Locke J.:—I have had the advantage of reading the reasons for judgment to be delivered in this matter by my brother Judson and I agree with his opinion that at the date of the expropriation the City of Halifax had an interest in the land within the meaning of that term in s. 1 of the Expropriation Act, R.S.N.S. 1954, c. 91. This appears to me to follow from the decision of this Court in Frobisher v. Canadian Pipelines & Petroleums Ltd.8, which approved the judgment of the Court of Appeal in London and South Western Railway v. Gomm9.
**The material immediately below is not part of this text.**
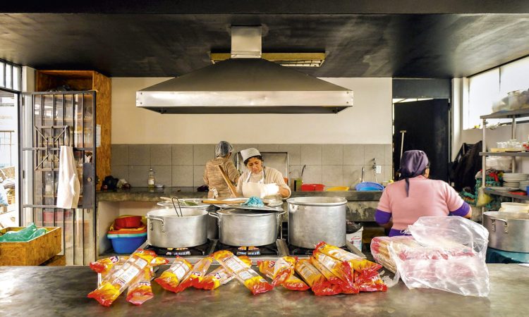 Entre ollas, tiempos y cuerpos distintos, la cocina se vuelve escenario colectivo del trabajo doméstico, donde lo productivo y lo afectivo conviven sin jerarquías visibles.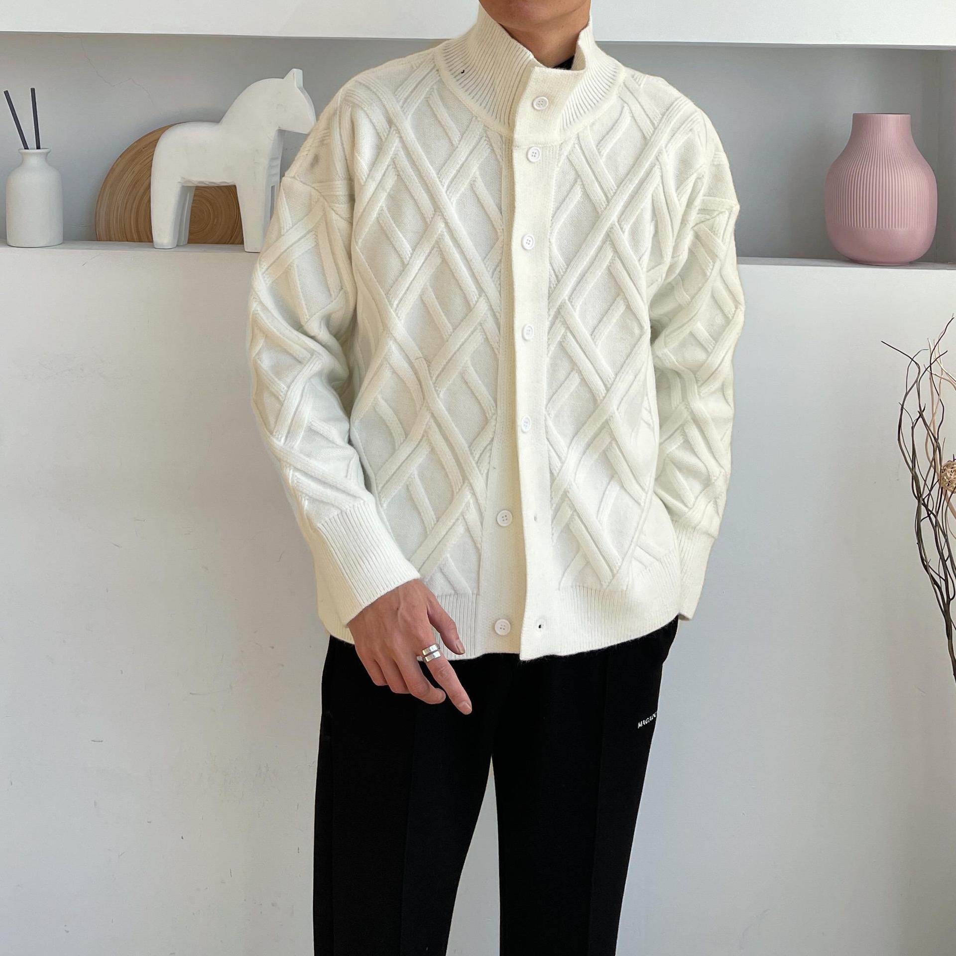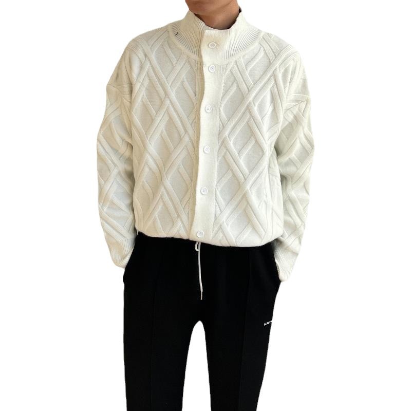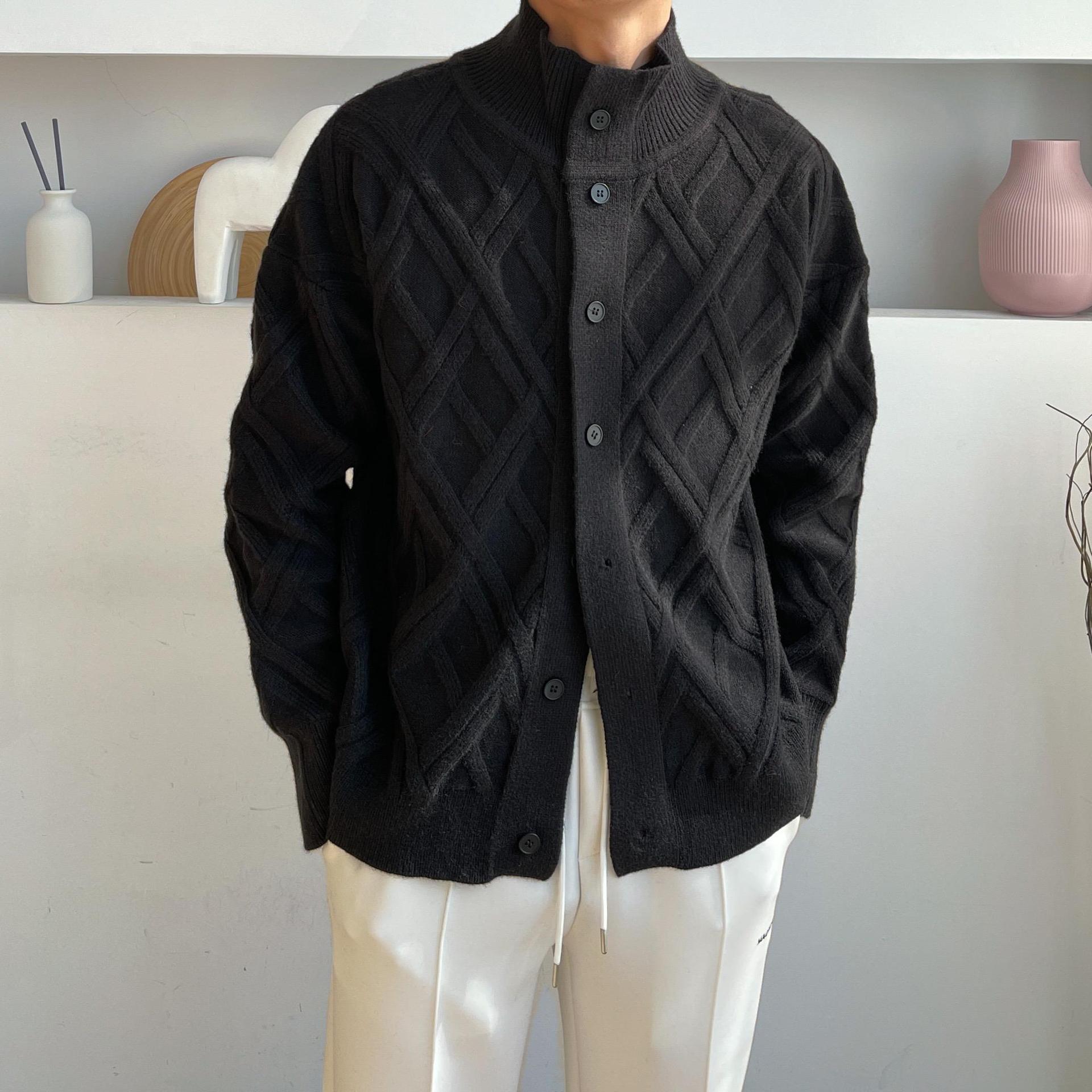 Главная страница > Высококачественный стеганый нишевый кардиган в корейском стиле, толстый вязаный свитер с полугольфом, зеленый свитер для мужчин.

I would allow the appeal and direct that judgment be entered in the terms proposed.

Appeal allowed with costs.

Solicitor for the appellant: T. C. Doyle, Halifax.

Solicitor for the respondent, Vaughan Construction Co. Ltd.: Donald McInnes, Halifax.

Solicitor for the respondent, Her Majesty the Queen in the Right of the Province of Nova Scotia: John A. Y. MacDonald, Halifax.



1 (1960), 44 M.P.R. 220, (1961), 25 D.L.R. (2d) 26.

2 (1960), 44 M.P.R. 220, (1961), 25 D.L.R. (2d) 26.

3 (1879), 11 Ch. D. 421, 48 L.J. Ch. 552.

4 (1882), 20 Ch. D. 562, 51 L.J. Ch. 530.

5 [1900] 2 Ch. 352; affirmed, [1901] 2 Ch. 37.

6 (1852), 1 DeG. M. & G. 604, 42 E.R. 687.

7 [1960] S.C.R. 126 at 146, 21 D.L.R. (2d) 497.

8 [1960] S.C.R. 126, 21 D.L.R. (2d) 497.

9 (1882), 20 Ch. D. 562, 51 L.J. Ch. 530.